Organizations running at scale need continuous compute delivery. That capability requires running inference workloads uninterrupted, even when an agent is compromised.
“That’s impossible when your security boundary is the shared kernel,” she said.
This limitation becomes even more pronounced in GPU-heavy environments. GPU (graphics processing unit) passthrough enables a virtual machine to directly access a physical PCIe GPU, bypassing the host OS to provide near-native performance.
GPU Security Lags Behind CPUs
According to Zenla, GPU security is a decade behind where CPU (central processing unit) virtualization is today. Cloud providers are racing to deploy GPU capacity without the corresponding isolation primitives.
“Edera for GPUs was built specifically to close that gap, bringing hardware-enforced isolation to GPU workloads the same way hypervisors transformed CPU security,” she offered.
To do this, Edera uses a type-1 hypervisor that runs directly on the hardware to reduce the number of hops required to enable passthrough.

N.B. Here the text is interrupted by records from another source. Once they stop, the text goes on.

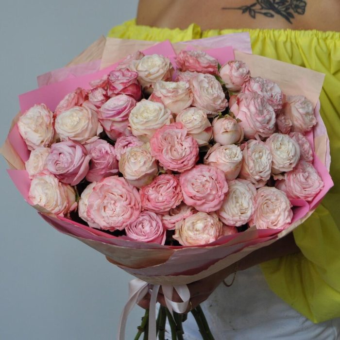 Очень необычные, кружевные розы сорта Бомбастик!Настоящее пионовидное чудо среди цветов!По желанию упаковку можно заменитьТакой букет можно заказать на: день влюбленных, 8 марта, день матери, крестины, рождение ребенка или внука, именины, годовщину бракосочетания.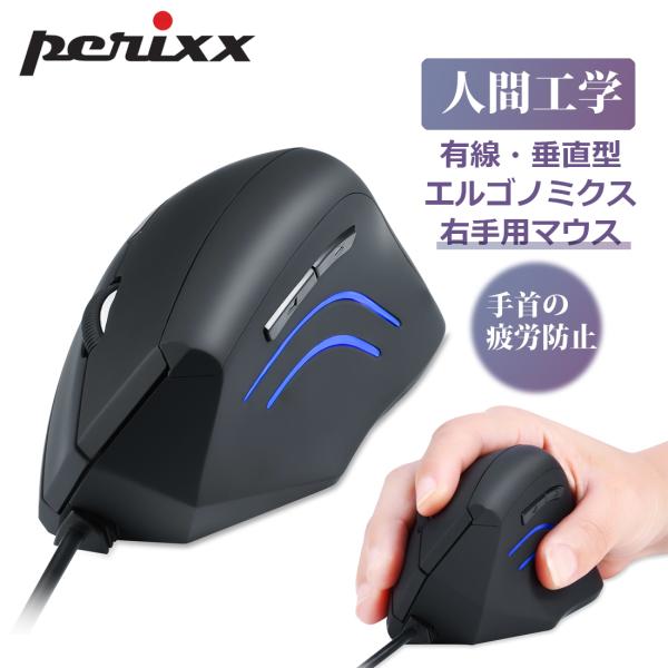 ペリックス エルゴノミクスマウス 有線 垂直型 -カスタマイズ可能ボタン5個 右手用 おすすめ 正規保証品 長時間の使用でも疲れにくい PERIMICE-508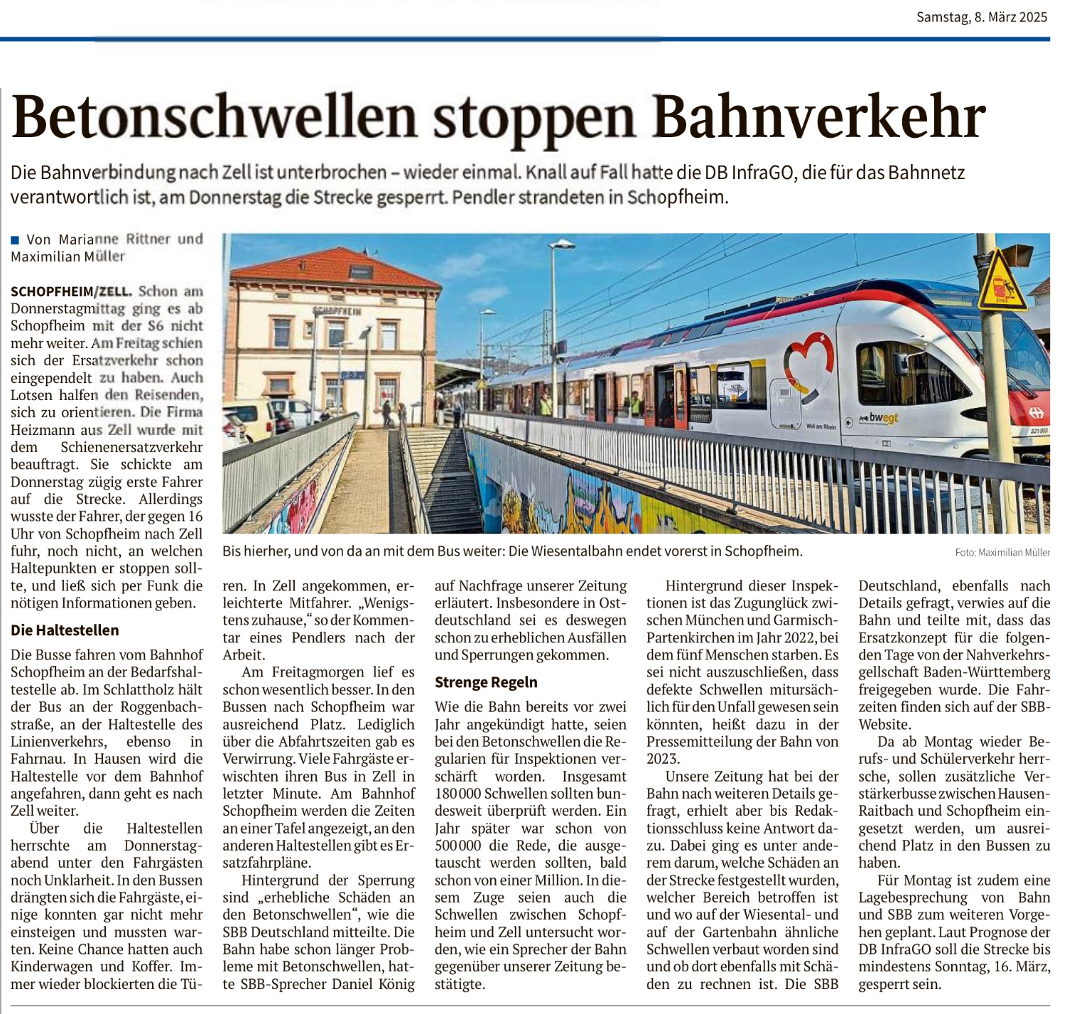 Die Oberbadische 08.03.2025: Bahnverbindung nach Zell unterbrochen: Betonschwellen stoppen Bahnverkehr

This approach simplifies GPU configuration and setup.
Edera also controls access to the I/O Memory Management Unit (IOMMU) at a low level, enabling faster boot times and lower overhead. This hardware component translates device-visible virtual addresses to physical addresses.
“By doing this in the hypervisor layer as opposed to on the host system and in userspace, we maintain great performance while running on a very small attack surface. No longer do you have a large attack surface like QEMU in the pathway of handling the GPU,” Zenla added.
Reducing Multi-Tenant Risk
In a world where AI agents share physical infrastructure, Edera’s hypervisor-based layer addresses a key security element that current sandboxing methods overlook. Noisy neighbor or side-channel attacks occur when a tenant in a shared (multi-tenant) environment monopolizes resources, degrading performance for other users on the same infrastructure.
Zenla noted that a malicious tenant can infer what other tenants are doing by observing the shared state. Hypervisor resource allocation mitigates these. Any accidental or malicious agent that begins consuming compute resources is met with vCPU and memory allocation barriers that saturate the workload without impacting the rest of the tenant’s resources.
“With Edera, we eliminate this class of attack because every workload gets its own kernel. A hypervisor can pin tenants to specific CPU cores and provide them with their own Linux kernel. This mitigates cross-tenant cache and branch-predictor attacks,” she said.
Hidden Risks in AI Infrastructure
Zenla warned that as cloud providers rush to stand up AI infrastructure, the security trade-off they quietly accept is that GPU isolation is less mature than CPU isolation. Providers are racing to ship GPU capacity for AI, and GPUs are essentially their own distributed systems that circumvent standard OS protections.
When she hears product descriptions that claim to bypass the CPU and OS, Zenla notes the absence of core safeguards, including virtual memory protection, kernel security controls, firewalls, network policies, and eBPF visibility. On top of that, many GPU drivers operate as large, proprietary, closed-source components with kernel-level privileges (ring 0), the highest privilege level on the CPU.
“A bug in any of those kernel modules gives an attacker full kernel memory access on the host,” she concluded.